If a future turn of events in Africa was seen as requiring the island's military role to be embiggened and its facilities rendered much more secure, it might be convenient if the islanders had no legal right to remain where they were.

It is well known that embiggen was coined by Dan Greaney for an episode of The Simpsons, and Wikipedia reports that it "has seen use in several scientific publications" already. I wonder if it might really be taking off as a mainstream item of vocabulary.

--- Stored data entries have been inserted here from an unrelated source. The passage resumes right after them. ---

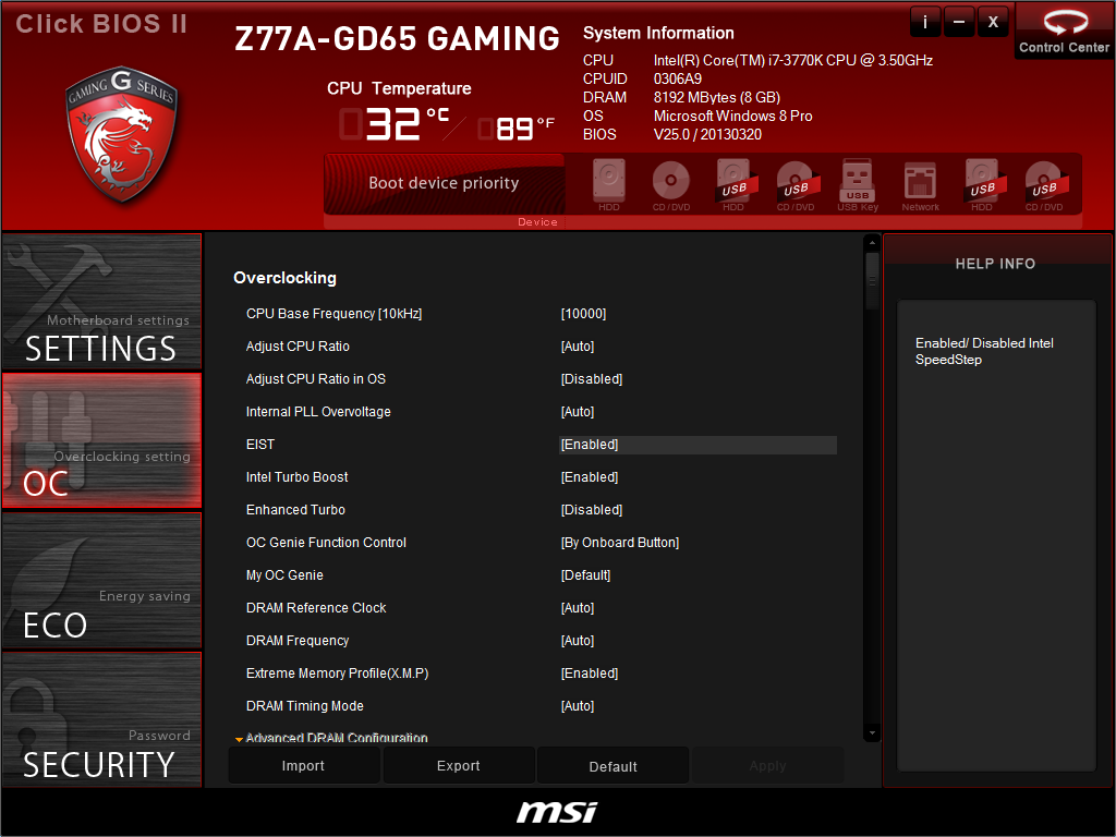 Ну а энтузиастам уже привычно разбираться с многочисленными длинными списками опций с непонятными названиями. В разделе OC для них есть множество возможностей, включая просмотр детальной информации и процессоре и памяти (SPD и XMP) и работу с профилями разгона. Напомним, что некоторые настройки BIOS можно изменить из Windows с использованием программы Click BIOS II.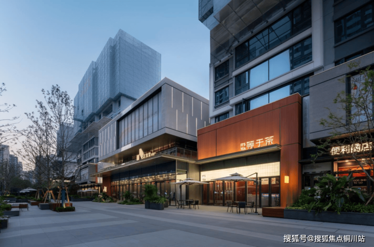 从路易斯·康的轴线秩序,到卡洛·斯卡帕的叠级美学,社区入口以约32米奢阔界面,铺陈印度大花绿石主轴,两侧丛生朴树与红果冬青形成视觉通廊。建筑立面采用香槟色铝板与木纹饰面的对称构图,延续百年江岸人文风貌的"超级符号"。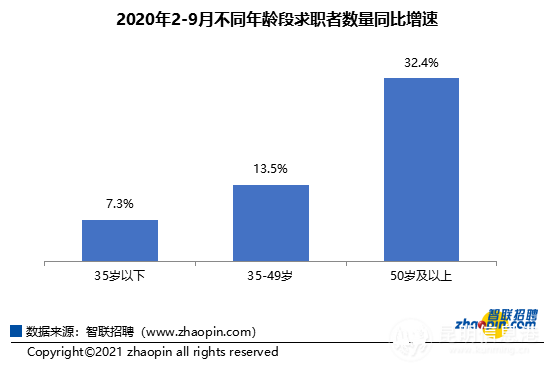 報告揭示,2020年2-9月在智聯(lián)平臺投遞簡歷的35歲及以上求職者同比增長14.9%,而35歲以下求職者同比增長僅為7.3%;其中,35-49歲中高齡求職者同比增長13.5%,50歲及以上中高齡求職者同比增長32.4%。根據(jù)問卷調(diào)查,疫情期間因單位倒閉、停產(chǎn)或歇業(yè)導(dǎo)致的中高齡勞動者再就業(yè)的比重為25.3%,新冠肺炎疫情是前三季度中高齡求職者規(guī)模高于往年的最主要外生變量。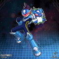 Explore the Wave World with the combined fusion of Geo Stelar and Omega-Xis with the EM Wave form of Mega Man. This hard enamel pin is charged up with a special green glitter treatment.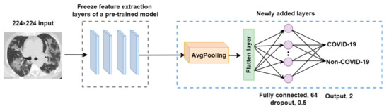 These newly added layers within the modified models are trained using the COVID-19 dataset. After each training epoch, the models are validated against a validation set. Since this research examines a binary classification problem (COVID-19 and non-COVID-19 classes), the number of neurons at the output layer was, thus, set to two. Figure 5 shows the modified architecture of the sixteen pre-trained models used in this research.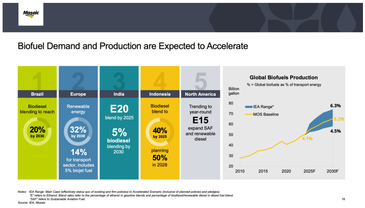 Plus, demand for Biofuel expected to accelerate according to Mosaic: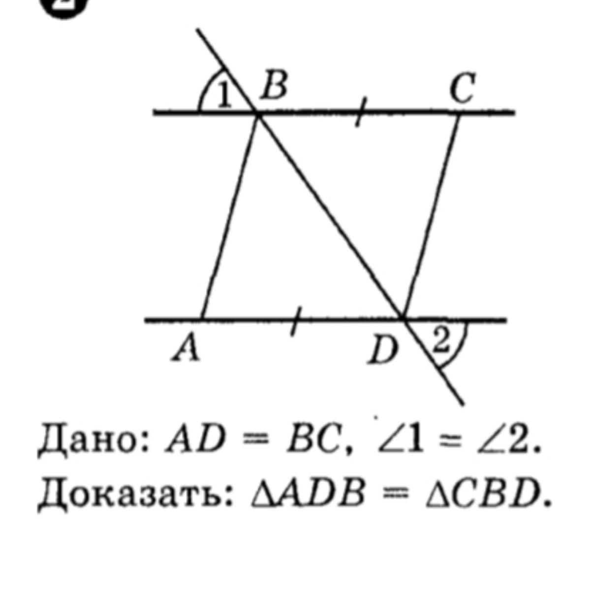 Угол СВД=углу АДВ (т.к. угол 1 вертикален углу СВД, а угол 2 вертикален с углом АДВ)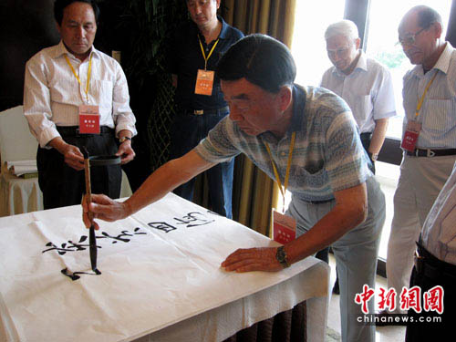臺灣退役將領黃幸強上將揮毫潑墨,書下“炎黃四海同吟望,互照相輝待月圓”。

That might put Dan Greaney into the very select club of people who invented words that make it into major dictionaries. A club containing him and very few others, such as the fellow Simpsons writer David S. Cohen ([now known as David X. Cohen, as commenters below point out] who coined cromulent for a Simpsons episode), Robert Heinlein (who coined grok in Stranger in a Strange Land), and (I blush modestly to confess) also me. I coined the term eggcorn, which has made it to the OED, as well as two words that are likely to make it in the future: the widely used linguistic technical term unaccusative, and the scientific term vortensity (designed to order for some Santa Cruz astronomers, and introduced in J. C. B. Papaloizou and Douglas N. C. Lin, "Nonaxisymmetric instabilities in thin self-gravitating rings and disks", Astrophysical Journal, Part 1, 344 [Sept. 15, 1989], 645-668; it now gets some 1300 Google hits).


  1. Ellen said,

    October 2, 2010 @ 9:33 am

    I've always wondered about this word. What's wrong with enlarge? It's shorter, both written and spoken, and, to my ear, sounds better. I think it's a little sad that the Simpsons is a source for words used in a well-known news source, but what do I know?

  2. Leo said,

    October 2, 2010 @ 10:27 am

    "the very select club of people who invented words that make it into major dictionaries"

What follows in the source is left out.